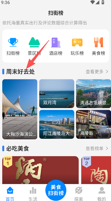 1、打开进入扫街榜页面,找到周末好去处板块。
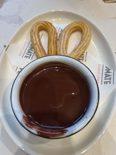 Catalan Paella - Excellent choice and perfect to share for 2. Olives - The in-house olives were amazing! Such a nice variety and every bite was delicious. Spinach Fritter - The spinach fritter was to die for. Their honey & aioli sauce mixed with the crispiness of the fritter was pure art. Mussels Marinara - Excellent starter before the paella. Again perfect sizing for 2. Tomato Bread - Can never go wrong with tomato bread. Sangria - The Sangria was excellent! Super refreshing and we regretted not getting the pitcher. Chocolate Churros - No words can describe how delicious and fresh they were. Definitely recommend Atmosphere/Service - The atmosphere was super fun! They had some pop hits playing and the servers were all singing and having fun. The whole restaurant (including customers) started singing Living On a Prayer when it came on! It was also very nice to be inside la Boqueria and we went around 8pm meaning the market was closed which made the place very relaxed and secluded from the craziness of La Rambla. The service was quick and they were very attentive to any extra plates and always asking on if we wanted anything else!
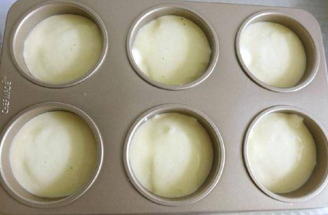 3、烤箱提前預熱170度。利用這個時間將蛋糕糊倒入蛋糕模具裡面,裝八分滿即可。沒有蛋糕模具的也可以用紙杯,裝完之後上面撒上一些白芝麻,口感更香。烤箱預熱好之後放入中層170度烤15分鐘.烤箱性能不一樣,一定要多觀察,根據情況適當調整。
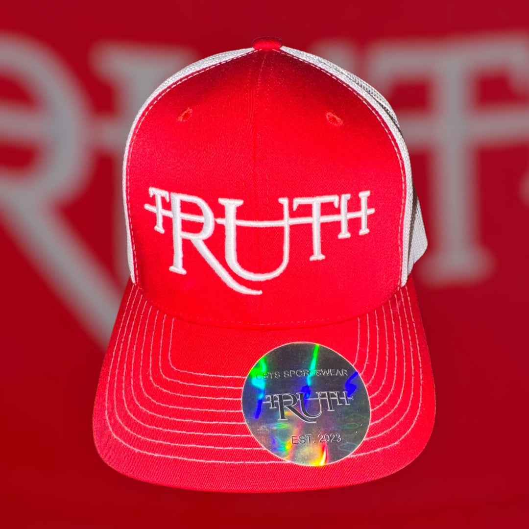 This is a bold and vibrant snapback trucker hat with a striking red and white color scheme. It features a bright red front panel and flat brim, complemented by white mesh panels on the sides and back, giving it a classic trucker style with excellent breathability. The word “TRUTH” is prominently embroidered on the front in crisp white letters, using a unique font that includes cross-like elements on the “T”s, enhancing the symbolic and impactful look.
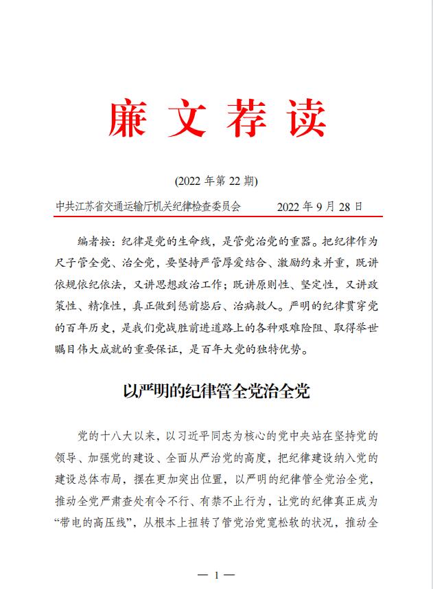 2022年廉文荐读第22期——以严明的纪律管全党治全党
---
_WHAT IS REQUIRED_: Could you copy each line above exactly as written, minus any pictures?

_ANSWER SPACE_:
 1、打开进入扫街榜页面,找到周末好去处板块。
 Catalan Paella - Excellent choice and perfect to share for 2. Olives - The in-house olives were amazing! Such a nice variety and every bite was delicious. Spinach Fritter - The spinach fritter was to die for. Their honey & aioli sauce mixed with the crispiness of the fritter was pure art. Mussels Marinara - Excellent starter before the paella. Again perfect sizing for 2. Tomato Bread - Can never go wrong with tomato bread. Sangria - The Sangria was excellent! Super refreshing and we regretted not getting the pitcher. Chocolate Churros - No words can describe how delicious and fresh they were. Definitely recommend Atmosphere/Service - The atmosphere was super fun! They had some pop hits playing and the servers were all singing and having fun. The whole restaurant (including customers) started singing Living On a Prayer when it came on! It was also very nice to be inside la Boqueria and we went around 8pm meaning the market was closed which made the place very relaxed and secluded from the craziness of La Rambla. The service was quick and they were very attentive to any extra plates and always asking on if we wanted anything else!
 3、烤箱提前預熱170度。利用這個時間將蛋糕糊倒入蛋糕模具裡面,裝八分滿即可。沒有蛋糕模具的也可以用紙杯,裝完之後上面撒上一些白芝麻,口感更香。烤箱預熱好之後放入中層170度烤15分鐘.烤箱性能不一樣,一定要多觀察,根據情況適當調整。
 This is a bold and vibrant snapback trucker hat with a striking red and white color scheme. It features a bright red front panel and flat brim, complemented by white mesh panels on the sides and back, giving it a classic trucker style with excellent breathability. The word “TRUTH” is prominently embroidered on the front in crisp white letters, using a unique font that includes cross-like elements on the “T”s, enhancing the symbolic and impactful look.
 2022年廉文荐读第22期——以严明的纪律管全党治全党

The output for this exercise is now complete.